Exercise brief -
Since only the written part is wanted, repeat the records exactly and omit the pictures.

(Stored data)

###

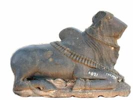| Description / विवरण | Nandi to the right with the forehead turned towards left. It has a smooth glazy polish with prominent hump. The two fore legs turned inwards so as to touch the hind ones. There is a garland of bells on the back with a tongue in each and hook on the top. |
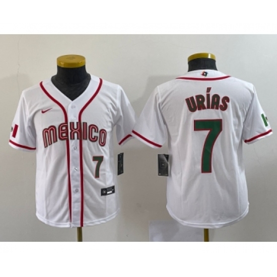 Youth Mexico Baseball #7 Julio Urias 2023 Red World Baseball Classic Stitched Jersey
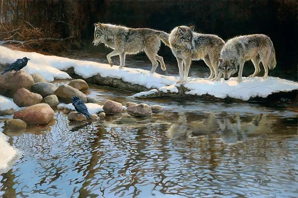 “In this image, the ravens are leading a small group of wolves to a kill they have discovered. I love this painting because it is as much about the relationship between the wolves and the crow as it is about the lighting and rhythm of the composition. The reflections on the water and the backlighting on the wolves worked out very well. It’s a cold, but very soothing piece.”
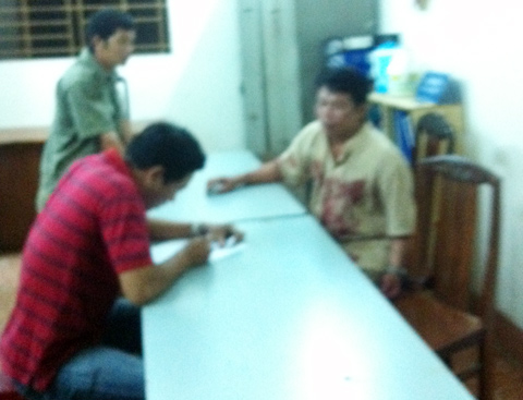 Lâm người đầy máu đến tự thú. Ảnh: M.P
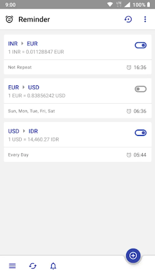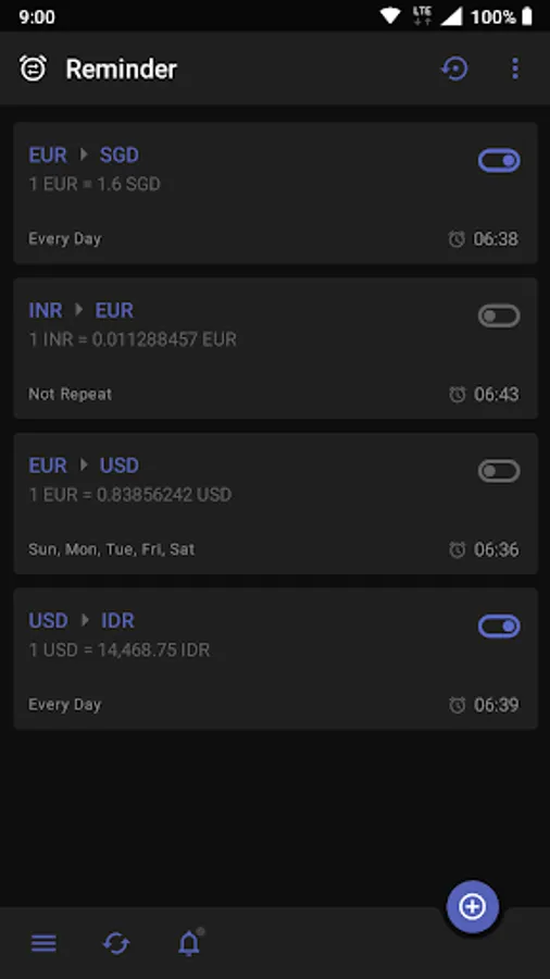 Currency Reminder is fast and lightweight currency converter app in the market. this app have two main feature, 1. reminder will notify user about currency rate based on set time, 2. live conversion allow user to convert currency in the go, its support multiple conversion.

###

Written solution -
| Description / विवरण | Nandi to the right with the forehead turned towards left. It has a smooth glazy polish with prominent hump. The two fore legs turned inwards so as to touch the hind ones. There is a garland of bells on the back with a tongue in each and hook on the top. |
 Youth Mexico Baseball #7 Julio Urias 2023 Red World Baseball Classic Stitched Jersey
 “In this image, the ravens are leading a small group of wolves to a kill they have discovered. I love this painting because it is as much about the relationship between the wolves and the crow as it is about the lighting and rhythm of the composition. The reflections on the water and the backlighting on the wolves worked out very well. It’s a cold, but very soothing piece.”
 Lâm người đầy máu đến tự thú. Ảnh: M.P
 Currency Reminder is fast and lightweight currency converter app in the market. this app have two main feature, 1. reminder will notify user about currency rate based on set time, 2. live conversion allow user to convert currency in the go, its support multiple conversion.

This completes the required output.